The term “burnout” was coined by psychologist Herbert Freudenberger in 1974 in the article “Staff Burnout,” in which he discussed job dissatisfaction caused by professional stress [1].
There is no standard definition of burnout, but, currently, the most accepted and widespread is the one given by Maslach and Jackson, describing burnout as a tridimensional psychological syndrome, in which professionals who provide human services display emotional exhaustion, depersonalization in client attention and feelings of low personal accomplishment. Put more simply, a job-related state of physical and mental exhaustion, where coping methods are not sufficient [2].
The first burnout dimension is the emotional exhaustion, which refers to stress feelings as depression, hopelessness, anger, loneliness, irritability, impatience, tension, decreased empathy, a sense of lack of energy, and worry. The second dimension, defined as depersonalization, is the tendency to put distance from the recipients of the service, accompanied by a sense of alienation, as well as callousness and indifference towards others, which in turn gives way to cynicism; consequently, working with other people is often considered unpleasant and undesirable. Finally, the feeling of low professional achievement or low job satisfaction (third dimension) can be described as the awareness that very little has been attained and what is accomplished is worthless [2, 3].
Burnout syndrome is responsible for undesirable consequences, both in personal and professional spheres, affecting not only workers themselves, but also their families, the work environment, and the organizations [4]. A variety of psychosomatic and organic health issues are influenced by burnout [5].
Furthermore, burnout has been associated with substance abuse, depression and suicide, as well as medical errors, professional misconduct, departure from the oncology profession, and early retirement [6,7,8,9,10,11].
Burnout is considered one of the most important occupational health problems in various professions involving working with other people [12] and it is listed in the International Statistical Classification of Diseases and Related Health Problems, 10th revision (ICD-10), under the category “Problems related to life-management difficulty” [13].
The phenomenon of burnout syndrome among health care professionals has been extensively investigated, predominantly focusing on physicians [7, 8, 14,15,16,17,18,19,20] and nurses [21,22,23,24,25,26,27,28,29,30]. However, literature concerning burnout in clinical research, with particular regard to the professional figures dedicated to its coordination and management, including Clinical Research Coordinators (CRCs), is poor and often referred to a work environment far away from the Italian one.

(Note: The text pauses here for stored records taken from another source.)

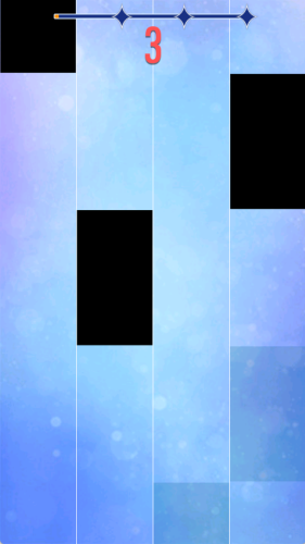 1、选择一首歌曲开始,界面会出现四个赛道,每个赛道会随歌曲的乐谱出现黑色的钢琴键,从上向下移动,点击钢琴键就会发出音符的声音,连续点击成功,音乐就会流畅的播放出来。
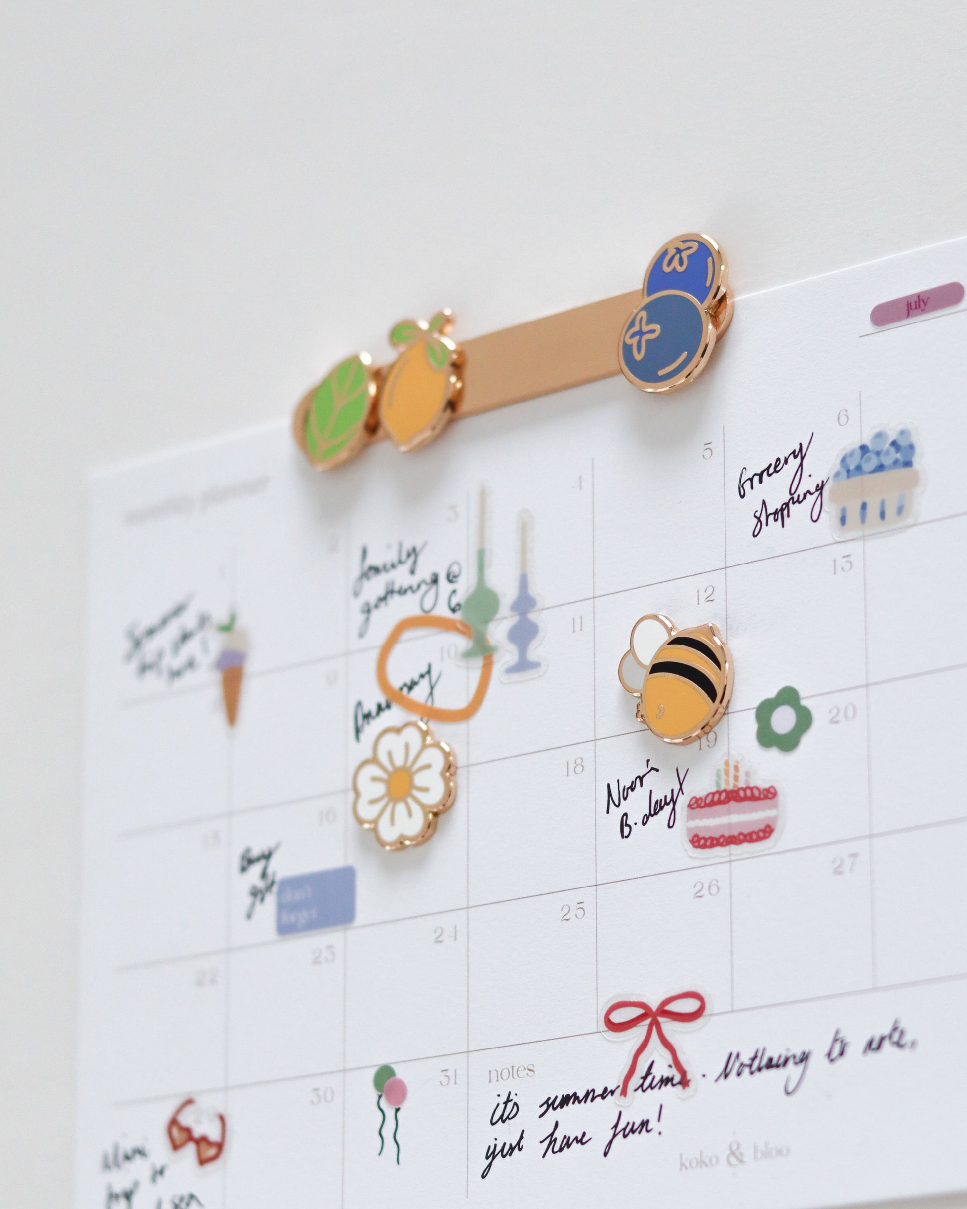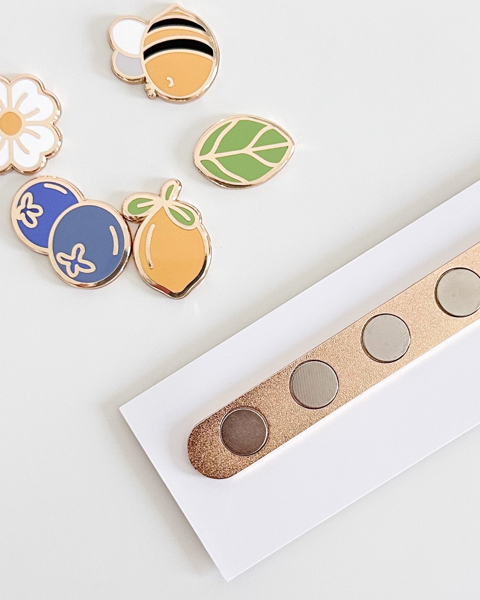 Add a little charm to your fridge with our Fridge Magnet Set, a playful and practical set featuring a long magnetic bar and five mini magnets you can rearrange or use separately. The set includes our favorite icons: Blueberry, Beeatrice the Bee, Lemon, Green Leaf and a White Flower, each with its own character and charm.
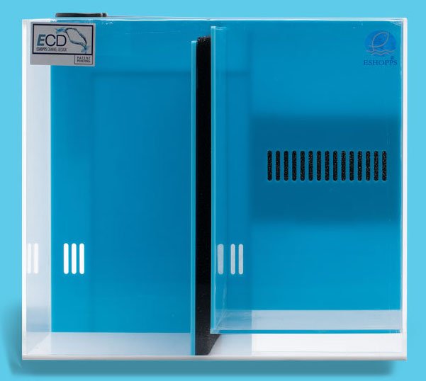 Celebrate Creativity with ESHOPPS, AQUA-FUGE which features a NEW Creative & Innovative design. Featuring ESHOPPS unique Dual Water Channel Design (ECD). AQUA-FUGE utilizes two separate water flow channels. One for the Refugium and the other to the Protein Skimmer compartment. This unique design enables the water to travel through each compartment separately after entering the sump. The advantage of having two separate water channels is the dissolved organic waste can be removed via protein skimming. Further, having a separate Refugium compartment provides an area for supplemental biological filtration. Placing, (BIO-LUX or Macro Algaeās) within the Refugium compartment will facilitate the removal of un-wanted nutrients; such as, (Nitrates and Phosphates). AQUA-FUGE is an excellent choice for the Hobbyist Level aquarist.
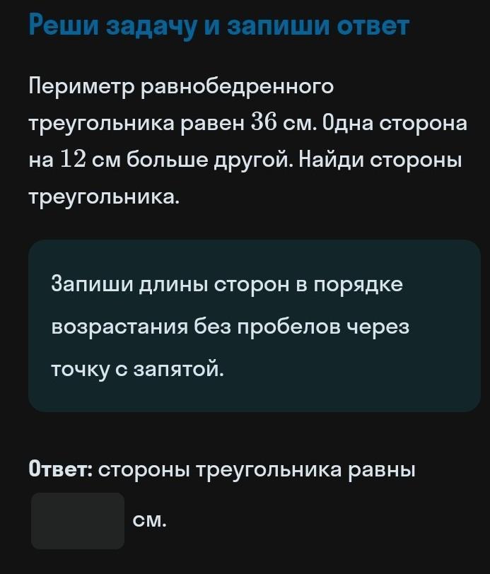 Периметр равнобедренного треугольника равен 36 см. Одна сторона на 12 см больше другой. Найди стороны треугольника. Запиши длины сторон в порядке возрастания без пробелов через точку с запятой. Ответ: стороны треугольника равны CM.
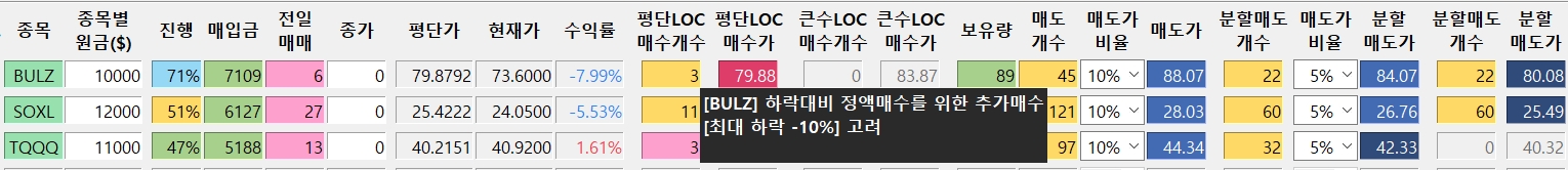 *진도율 1 : BULZ : 79.4%, SOXL : 73.7% -

Mueller and Mamo in 2002 reported three major critical areas faced by CRCs: work autonomy/control, relationship with patients and physicians, and clinical or technical skills and knowledge [31]. Höglund et al. [32] showed CRCs’ ethical dilemmas, such as conflict between their obligations to clinical trials and those to participants. Other studies highlighted issues with multitasking, feeling of isolation, job control, workload, working with patients, collaboration with other healthcare professionals, and uncertainty towards career development [33,34,35,36]. Furthermore, Gwede et al. [37] compared burnout levels in CRCs to those reported by other healthcare professionals and Matsumoto et al. [38] tried to validate a psychometric testing for a CRCs Stressor Scale.
However, at the time and place in which these studies were conducted, the figures of the research nurse and the CRC were overlapping to a certain extent, while nowadays in Europe, especially in the field of oncology research, these are two distinct professional figures, with very different duties and stressors.
In most of the Italian trial centers, CRC’s daily work involves close interaction with principal investigators, sub-investigators, nursing staff, sponsors, contract research organizations, ethical committees, and national competent authorities, to ensure that clinical trials are carried out correctly in terms of patient compliance, study procedures, collection of the data, and administrative and other study-related issues. CRC activities are wide ranging and include administrative and regulatory compliance, protocol management, data collection, case report form (CRF) completion and query resolution, serious adverse event reporting, and activity monitoring. However, CRC workload varies substantially among Italian and European institutions, mainly because of the lack of common guidelines on the role and duties of this professional figure. Few articles on the activities of a CRC and on the number of studies in which CRCs are involved are available on MEDLINE, and all vary substantially in the information they provide [39].
Due to this substantial lack of knowledge, the Italian Group of Clinical Research Coordinators (GIDM) conducted the present study, based on a survey among its associates aimed at investigating the prevalence of self-reported stress and burnout symptoms in CRCs working in clinical research, as well as evaluating the applicability of a standardized tool such as the Maslach Burnout Inventory (MBI) in this population.